### Assignment
Your answer must be exactly the lines from the one containing "- Adicione pedrinhas" through the end of the material, both ends included, without pictures.

────

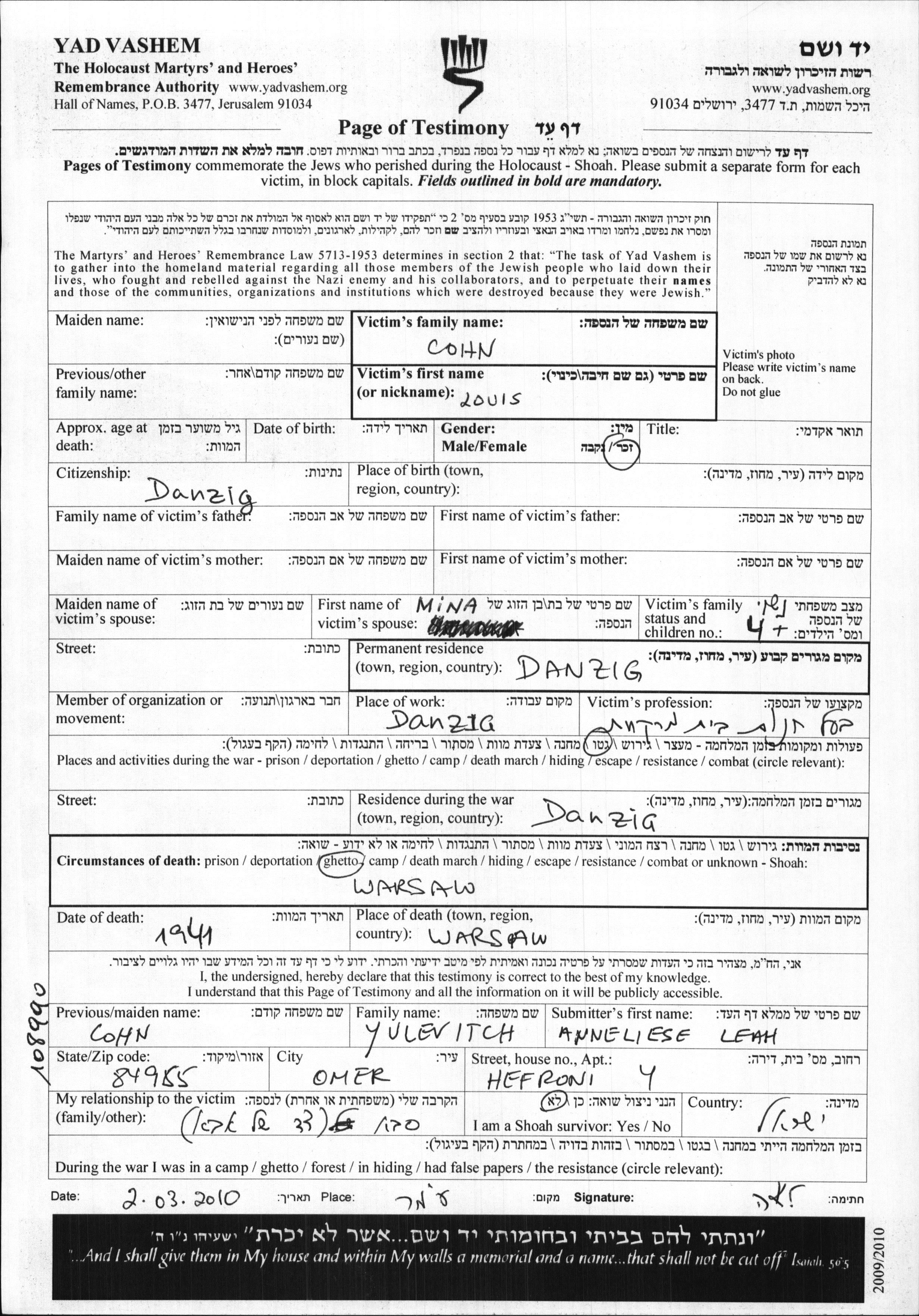 Louis wurde in der Schoah ermordet. Todesort: Warszawa, Polen im Jahr 1941.
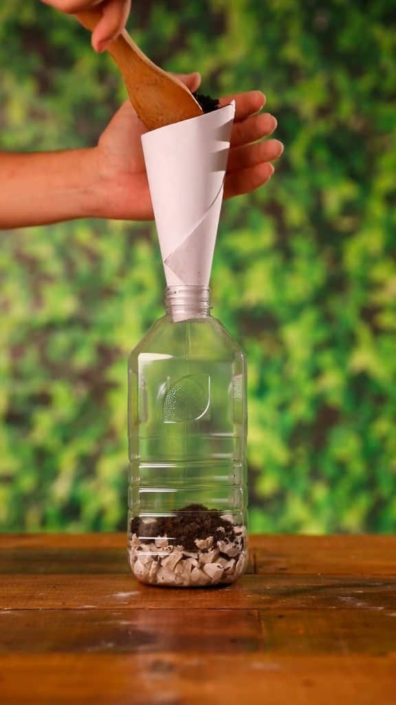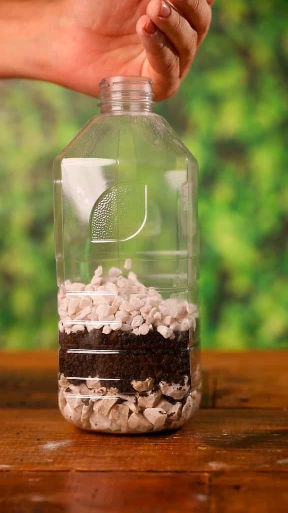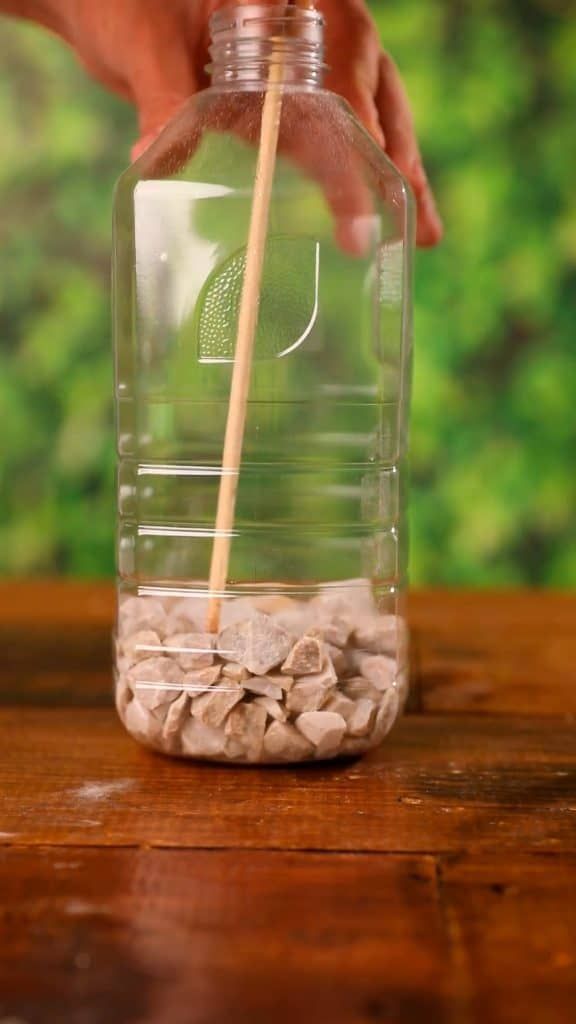 - Adicione pedrinhas na parte inferior da garrafa. Ajuste com uma pinça.
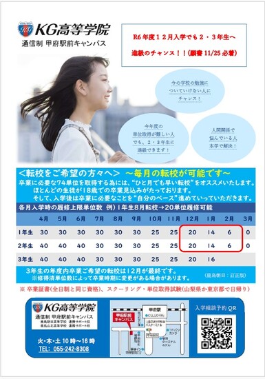 ☆入学願書11/25着で☆→同級生と同じく進級のチャンス(高1・高2)
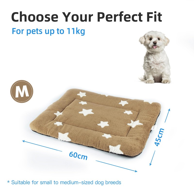 MORA PETS Medium Dog Crate Bed Mattress 60 x 45cm Washable Dog Bed Mat Soft Pet Bedding for 24 inch Cage Flat Puppy Bed Cushion with Star Pattern Brown
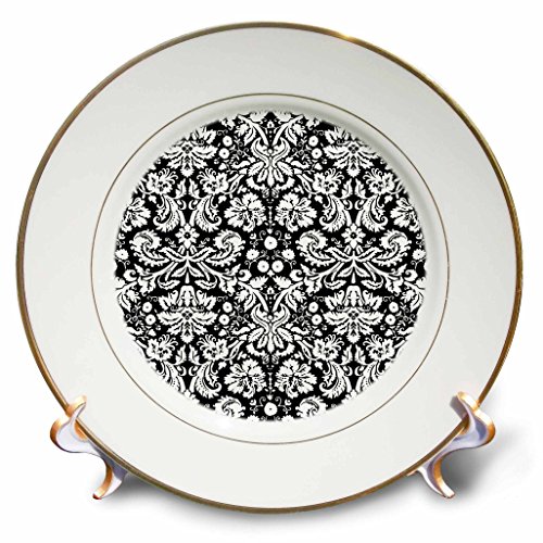 3dRose cp_151442_1 Black Damask with White Stylish Swirly French Floral Pattern Vintage Sophisticated Flowery Wallpaper-Porcelain Plate, 8-Inch
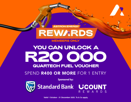 One lucky Astron Energy Rewards member could be rewarded with an exclusive R20 000 digital fuel voucher sponsored by UCount Rewards.
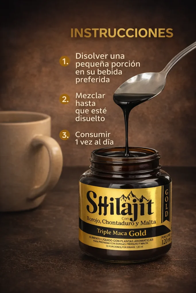 Su fórmula combina Shilajit puro del Himalaya con triple maca y borojó

────

### Answer
 - Adicione pedrinhas na parte inferior da garrafa. Ajuste com uma pinça.
 ☆入学願書11/25着で☆→同級生と同じく進級のチャンス(高1・高2)
 MORA PETS Medium Dog Crate Bed Mattress 60 x 45cm Washable Dog Bed Mat Soft Pet Bedding for 24 inch Cage Flat Puppy Bed Cushion with Star Pattern Brown
 3dRose cp_151442_1 Black Damask with White Stylish Swirly French Floral Pattern Vintage Sophisticated Flowery Wallpaper-Porcelain Plate, 8-Inch
 One lucky Astron Energy Rewards member could be rewarded with an exclusive R20 000 digital fuel voucher sponsored by UCount Rewards.
 Su fórmula combina Shilajit puro del Himalaya con triple maca y borojó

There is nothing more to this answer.